Input -
-*-*-

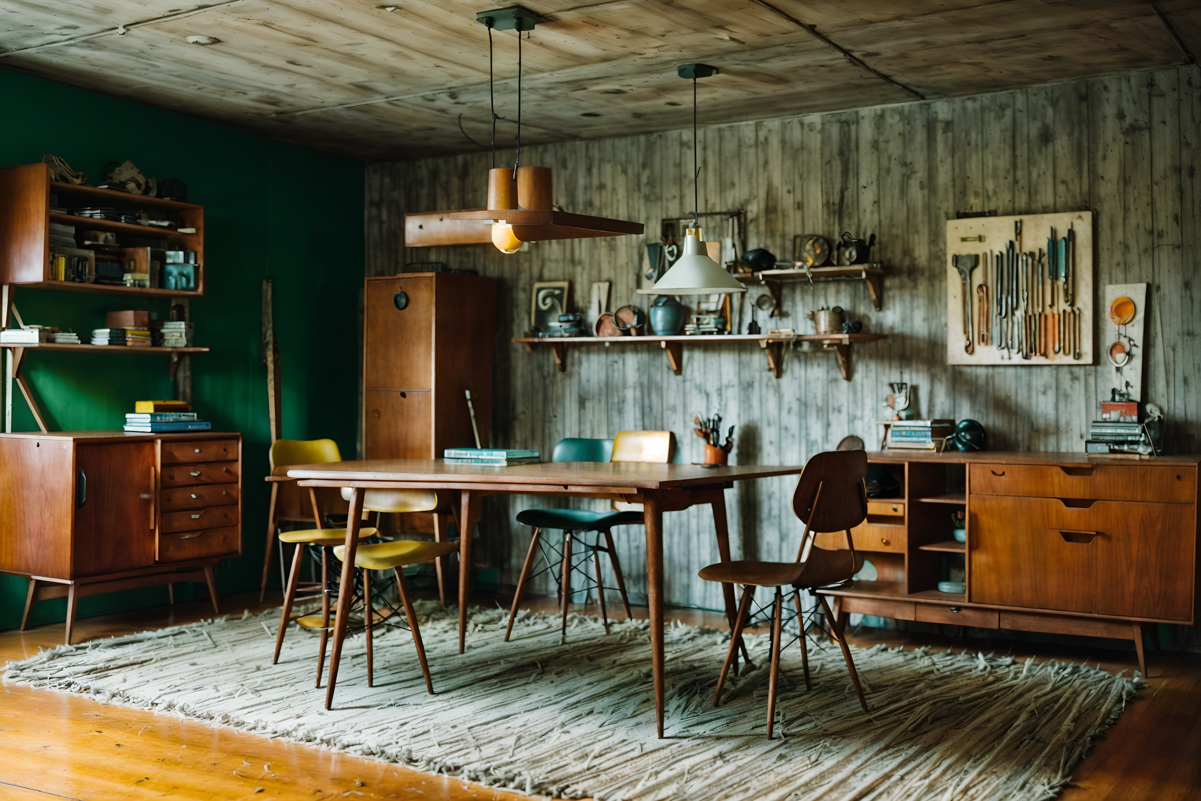 photo from pinterest of midcentury modern-style interior designed (workshop interior) with messy and wooden workbench and tool wall and messy. . with graphic shapes and muted tones and organic and geometric shapes and vibrant colors and natural and manmade materials and mid century modern mobile chandelier and minimalist and function over form. . cinematic photo, highly detailed, cinematic lighting, ultra-detailed, ultrarealistic, photorealism, 8k. trending on pinterest. midcentury modern interior design style. masterpiece, cinematic light, ultrarealistic+, photorealistic+, 8k, raw photo, realistic, sharp focus on eyes, (symmetrical eyes), (intact eyes), hyperrealistic, highest quality, best quality, , highly detailed, masterpiece, best quality, extremely detailed 8k wallpaper, masterpiece, best quality, ultra-detailed, best shadow, detailed background, detailed face, detailed eyes, high contrast, best illumination, detailed face, dulux, caustic, dynamic angle, detailed glow. dramatic lighting. highly detailed, insanely detailed hair, symmetrical, intricate details, professionally retouched, 8k high definition. strong bokeh. award winning photo.
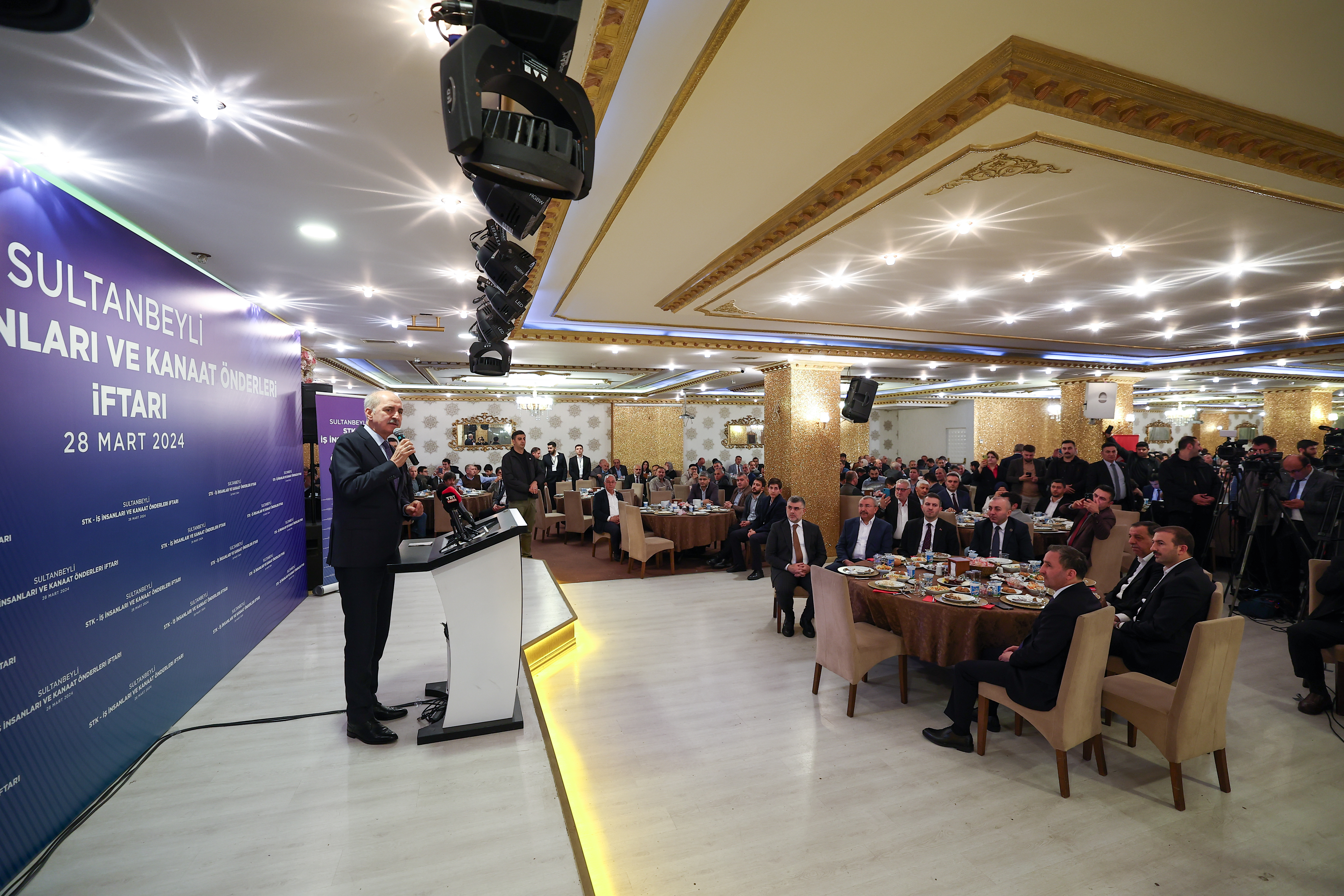Meclis Başkanı Kurtulmuş, Sultanbeyli’deki bir salonda, sivil toplum kuruluşları, iş insanları ve kanaat önderleriyle bir araya geldiği iftar programında yaptığı konuşmada, Sultanbeyli’deki vatandaşlarla bir arada olmaktan duyduğu memnuniyeti dile getirerek, ramazanın hayırlı olmasını diledi.
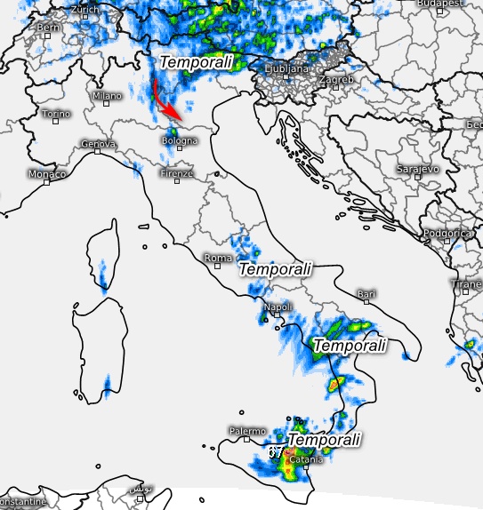 Temporali intensi e maggiormente diffusi saranno possibili tra la Sicilia e la Calabria, con possibile interessamento anche delle coste e del mare. Temporali anche su gran parte della Campania e nel basso Lazio. Al nord temporali essenzialmente ubicati su Alpi e Prealpi centro-orientali, con rischio di sconfinamenti sulle aree di pianure sottostanti in serata, in cessazione poi nelle ore notturne.
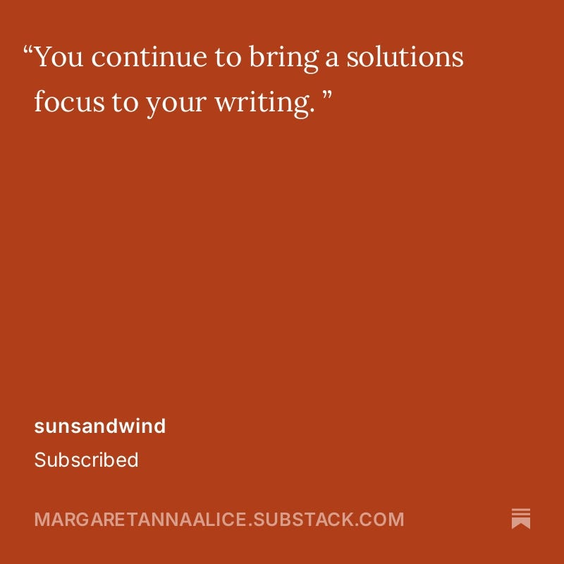 I especially want to thank those of you who have taken the time to write a private message to me when you subscribe. I read and cherish each note.
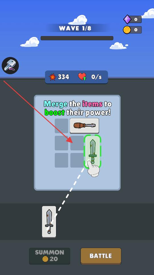 3、當網格內有可合成的武器時,按照提示把相同類型的武器拖到一起,進行合并,合并后武器威力增強,攻擊數值大幅增加。

-*-*-

Task to complete - In the copy, include exactly the lines from the one with "Meclis Başkanı Kurtulmuş, Sultanbeyli’deki" through the final line of the data, both ends included, and no pictures.

Exercise solution -
Meclis Başkanı Kurtulmuş, Sultanbeyli’deki bir salonda, sivil toplum kuruluşları, iş insanları ve kanaat önderleriyle bir araya geldiği iftar programında yaptığı konuşmada, Sultanbeyli’deki vatandaşlarla bir arada olmaktan duyduğu memnuniyeti dile getirerek, ramazanın hayırlı olmasını diledi.
 Temporali intensi e maggiormente diffusi saranno possibili tra la Sicilia e la Calabria, con possibile interessamento anche delle coste e del mare. Temporali anche su gran parte della Campania e nel basso Lazio. Al nord temporali essenzialmente ubicati su Alpi e Prealpi centro-orientali, con rischio di sconfinamenti sulle aree di pianure sottostanti in serata, in cessazione poi nelle ore notturne.
 I especially want to thank those of you who have taken the time to write a private message to me when you subscribe. I read and cherish each note.
 3、當網格內有可合成的武器時,按照提示把相同類型的武器拖到一起,進行合并,合并后武器威力增強,攻擊數值大幅增加。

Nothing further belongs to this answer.